* TO DO
With pictures excluded, give again exactly the lines running from the one holding "1月25日下午,中国高等职业" through the end of the listing below.

++++++

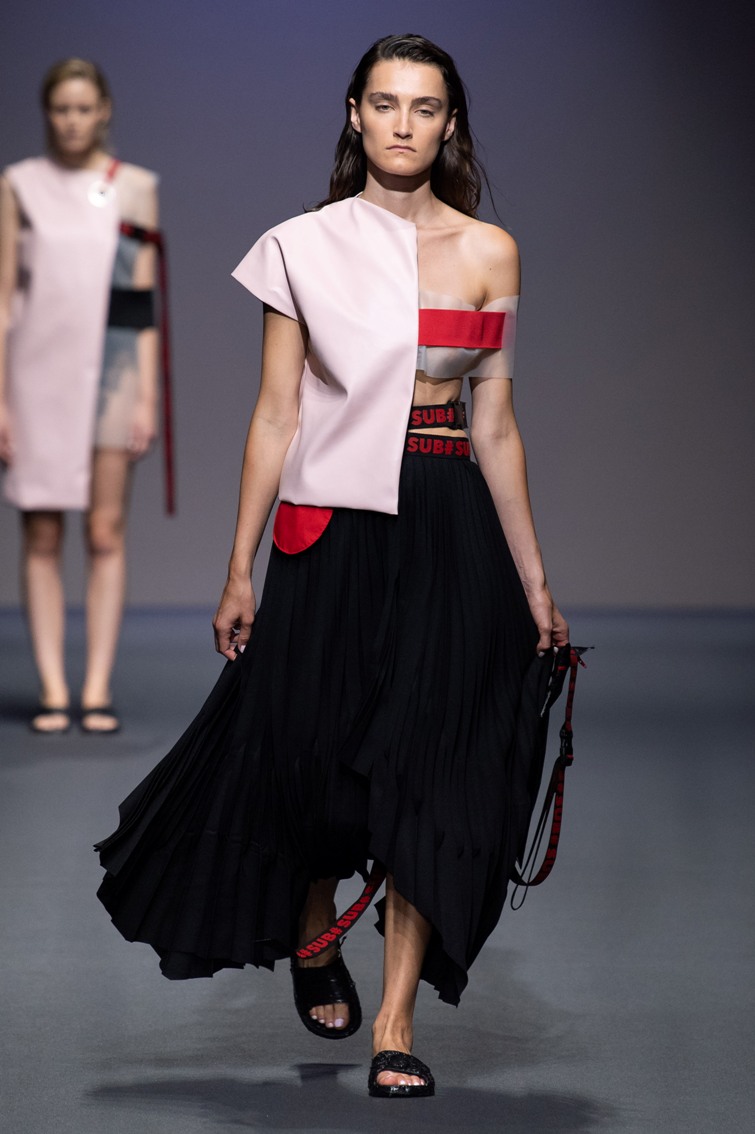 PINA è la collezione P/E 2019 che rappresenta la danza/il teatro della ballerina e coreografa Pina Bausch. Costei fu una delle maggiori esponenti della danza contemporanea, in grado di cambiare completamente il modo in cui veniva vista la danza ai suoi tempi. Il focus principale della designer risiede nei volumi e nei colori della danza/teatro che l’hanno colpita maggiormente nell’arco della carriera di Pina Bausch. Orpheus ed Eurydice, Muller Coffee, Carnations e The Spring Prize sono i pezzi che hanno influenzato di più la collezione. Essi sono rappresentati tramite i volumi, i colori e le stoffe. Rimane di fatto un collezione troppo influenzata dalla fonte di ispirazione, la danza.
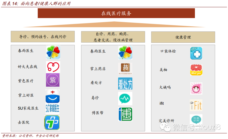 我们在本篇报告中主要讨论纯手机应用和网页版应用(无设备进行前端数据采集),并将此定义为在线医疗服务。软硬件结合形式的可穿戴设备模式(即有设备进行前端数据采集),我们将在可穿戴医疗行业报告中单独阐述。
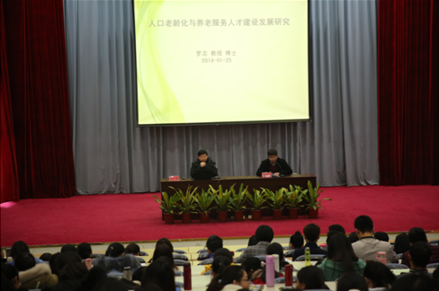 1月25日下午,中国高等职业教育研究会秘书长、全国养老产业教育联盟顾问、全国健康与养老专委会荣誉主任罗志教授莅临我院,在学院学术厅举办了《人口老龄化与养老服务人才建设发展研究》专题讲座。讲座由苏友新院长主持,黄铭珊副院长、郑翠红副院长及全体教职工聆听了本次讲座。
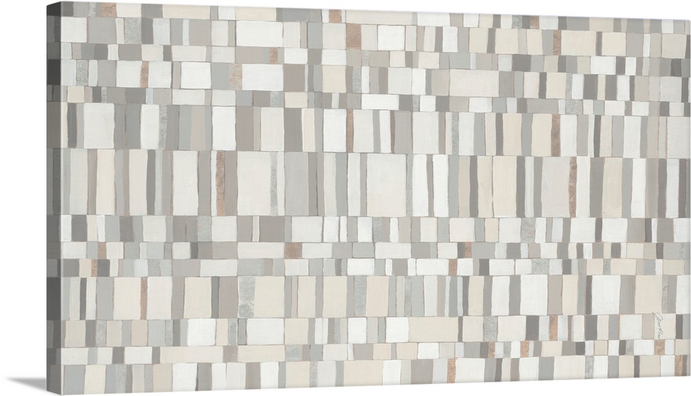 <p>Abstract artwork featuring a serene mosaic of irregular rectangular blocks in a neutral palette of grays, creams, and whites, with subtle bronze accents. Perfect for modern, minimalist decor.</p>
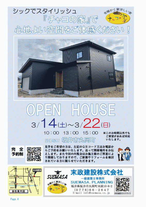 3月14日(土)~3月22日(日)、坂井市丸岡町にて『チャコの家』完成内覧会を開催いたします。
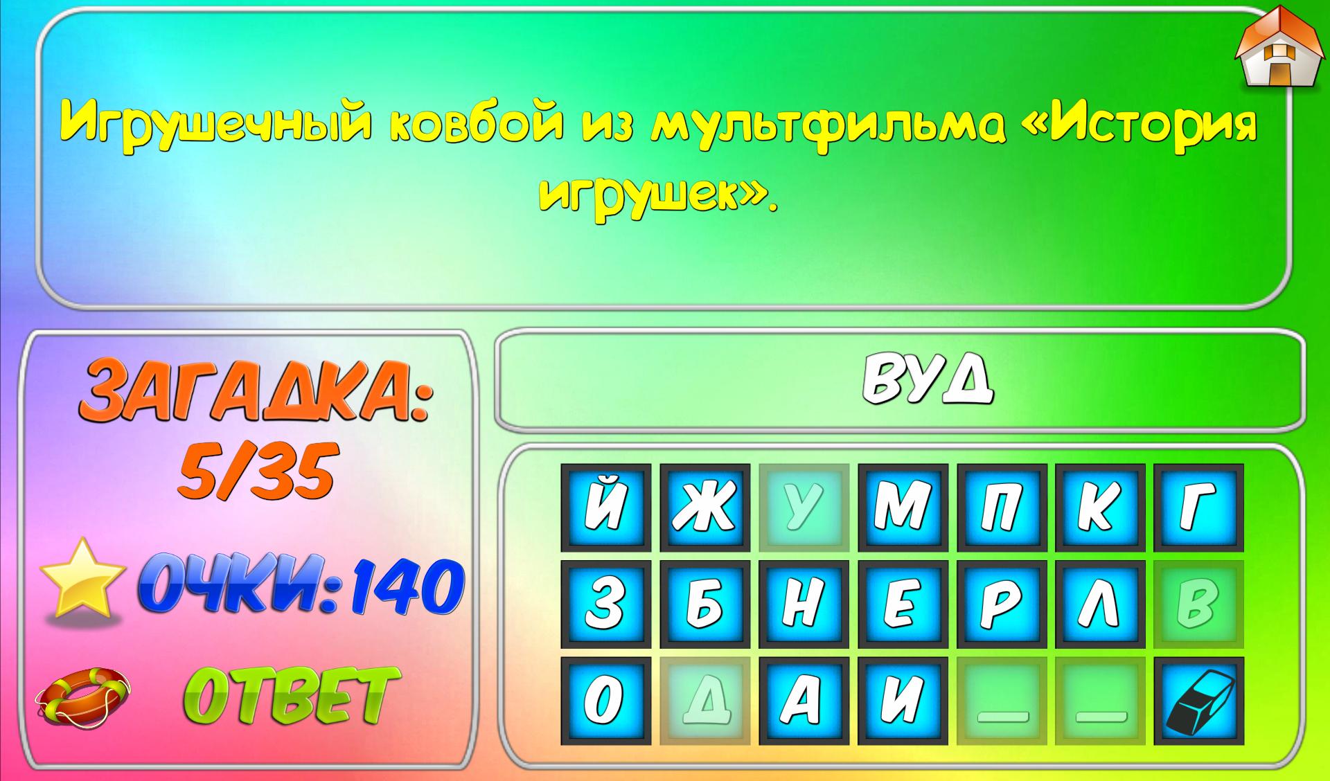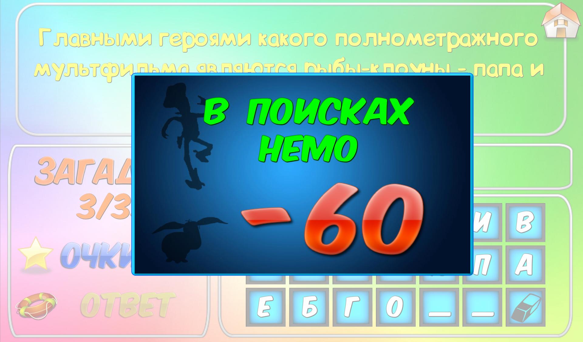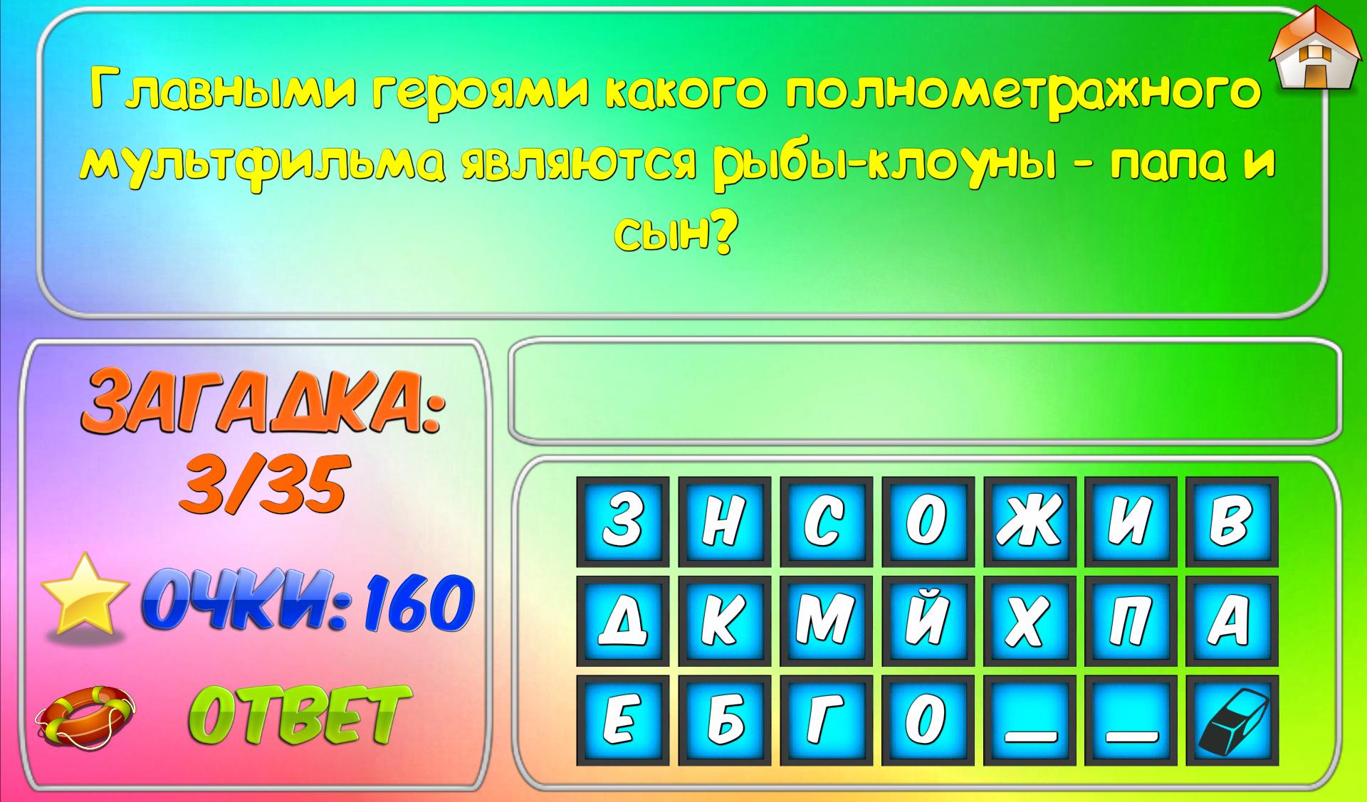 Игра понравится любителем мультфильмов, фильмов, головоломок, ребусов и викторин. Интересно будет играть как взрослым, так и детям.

++++++

* REPLY TO THE EXERCISE
 1月25日下午,中国高等职业教育研究会秘书长、全国养老产业教育联盟顾问、全国健康与养老专委会荣誉主任罗志教授莅临我院,在学院学术厅举办了《人口老龄化与养老服务人才建设发展研究》专题讲座。讲座由苏友新院长主持,黄铭珊副院长、郑翠红副院长及全体教职工聆听了本次讲座。
 <p>Abstract artwork featuring a serene mosaic of irregular rectangular blocks in a neutral palette of grays, creams, and whites, with subtle bronze accents. Perfect for modern, minimalist decor.</p>
 3月14日(土)~3月22日(日)、坂井市丸岡町にて『チャコの家』完成内覧会を開催いたします。
 Игра понравится любителем мультфильмов, фильмов, головоломок, ребусов и викторин. Интересно будет играть как взрослым, так и детям.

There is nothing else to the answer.